Brief History of the Face
What I like is the way a face can be seen,
touched, heard—parting of lips,
slap of hand to cheek. A face can be carried.
When my neighbor went to Afghanistan,
a grenade blew up in his face so he pocketed
his eyeball for the mile walk back to camp.
A face is honest: the eyes dilating,
brow damp, cheeks splotched, hot.
It can be opened: my forehead parted
like a curtain, glare of bone, blood on my shoes.
A face can be refused. At first my mother was afraid
to tell me my father only made it as far
as the hospital parking lot the day of my birth,
never came inside to see or touch me.
In the photo I do not have of him,
his face harbors mine
the way water holds a gaze for as long
as it will look. A face can be commanded:
turn and face me, my mother said
when my sister asked why my nose was different.
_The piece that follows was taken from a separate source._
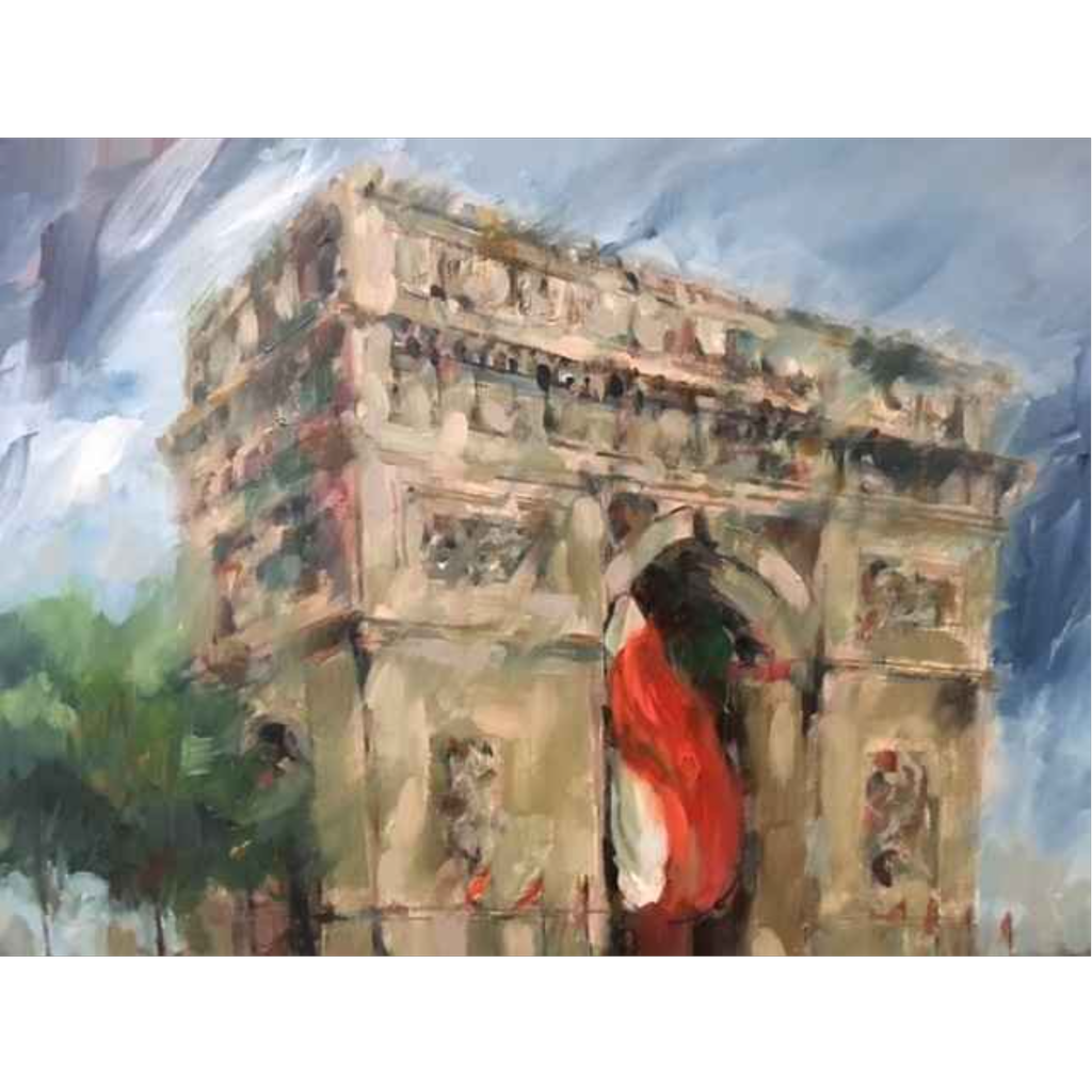 This artwork is an Impressionist rendition of the Arc De Triumph by Patrick Romelli. The artist zooms in on the details of the monument, creating a sense of awe and admiration. The color palette is dominated by beige and blue, with a striking red contrast in the center. The painting is signed by the artist's.

Why my hair was thin and dark.
Because it has to be, she said.
Because is what a mother says when one daughter
has a father and the other does not.
But a face can say because too.
Because of your nose, mine.
Because you did not look,
I look and look. Because you are
no one, you are anyone—
turned-away flesh of my flesh,
the endless possibility of you.
This is to be an eyeball: his eyeball:
now his quicksilver feet, now mallards swooping
for fists of bread as he tosses. When my brother calls,
it is not to say hello but to see hello. To show me
he is the fastest boy in first grade,
to hold my face on the screen in his erratic hand.
Together we scale the neighbor’s fence,
my face looking at me looking
at what he sees. Ready, set, go, he sprints us
through unmown fields, his thumb obscuring
the pinhole camera, my thumb face miniature,
stark against the deep black screen. To give
time a face, to time the face as it changes.
He clamors toward what only he can see.
Soon he will lift his thumb. But for now
I wait in the threshold of who he is
and will be, his voice calling out
in the sweetness of his offering, to let me see,
to take me with him.
You are trailing somewhere behind me
on our walk, the first warm day of spring,
when I see it: heavy-lidded, unblinking
gape in the large faux eyes of a silk moth.
So darkly ringed. Brash, I think.
She is a woman who wants to be seen,
orbited by each face in a crowded room.
But how her hairstrand legs graze
invisibly the sweetgum bark—
her cryptic wings would keep me
from them, would tell me where
to look. No, not brash—her real gaze
is a secret. Even now, you crash
through the buttonweed and bluebonnets
toward me, in love, as I am
with the eyespot world. What is it
to be too touched, too seen? Look,
her cosmetic eyes brood, don’t look.